I agree that the rules in themselves are not snobbery, but I would argue that my Italian friends who tell me that my homemade spaghetti and meatballs is wrong are snobs.
And will last you for DECADES, with a little care and maybe the occasional repair / resoling (but please wipe them off between the stable and the dance floor, LOL). In the long run, this will SAVE you money versus a cheap 40 dollar pair that must be replaced every year.
Which reminds me, I’m inadvertently (and unwillingly) a pricy-shoe snob. Not Manolos or anything like that, but I literally can NOT go into a cheap shoe store and find anything that fits - with my huge feet, even Nordstrom usually has nothing for me. SAS / Munro are two of my go-to brands, and they START at 150 bucks a pair.

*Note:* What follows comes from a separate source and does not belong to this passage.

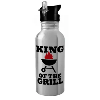 KING of the Grill, Παγούρι νερού Ασημένιο με καλαμάκι, ανοξείδωτο ατσάλι 600ml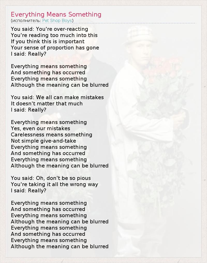 Ты сказал: "Ты слишком остро реагируешь, Обнаруживаешь в этом то, чего нет. Если считаешь, что это важно, То ты утратил чувство меры". Я ответил: "Неужели?" Всё что-то означает, И это что-то произошло. Всё что-то означает, Хотя значение может быть неясным. Ты сказал: "Все мы совершаем ошибки, Не так уж это и важно". Я ответил: "Неужели?" Всё что-то означает, Да, даже наши ошибки. Беспечность что-то означает, А не просто обмен любезностями. Всё что-то означает, И это что-то произошло. Всё что-то означает, Хотя значение может быть неясным. Ты сказал: "О, не будь таким благочестивым, Ты воспринимаешь все неправильно". Я ответил: "Неужели?" Всё что-то означает, И это что-то произошло. Всё что-то означает, Хотя значение может быть неясным. Всё что-то означает, И это что-то произошло. Всё что-то означает, Хотя значение может быть неясным.

The only store that I know carries my size is in New Jersey; when we are up there visiting family, I will go there and come out with 3-6 pairs. About 8 years back, my credit card company got alarmed at this large, unusual purchase and flagged it as fraudulent. I bought what is quite literally a lifetime supply of dressier shoes on one such jaunt (since I now wear them at most once a year).
That’s another kind of snobbery: authentic versus Americanized food. What we call “Italian”, “Mexican”, “Chinese” etc may well bear little resemblance to what someone in one of those countries would eat on a day to day basis, but if you lump it all into the -American category, it’s perfectly valid and correct.
Most of us Westerners would NOT like truly traditional Chinese food. We hosted students from China several times and took them to our local very good “Chinese” restaurant; there was little on the menu that the students recognized.
All that rambling aside: Sbarro, Panda Express and Taco Bell are not even good -American food. We eat at those places when we need to refuel, not dine.
Interesting. I did not notice that it replaced <ethnic>- with just the dash.
So “-American” should be <ethnic>-American - basically I meant it as a placeholder for “some kind of foreign-inspired food”. But the board decided to try to parse it!
The home made noodles for spaghetti is. Or any pasta. Noodles are key here. I’m talking about making them from scratch. Not pouring out some American Beauty out of a plastic bag. It can be made without egg. I wouldn’t recommend.
Pistols at dawn.
Have you ever had real, fresh pasta? It takes perhaps 2 minutes to cook.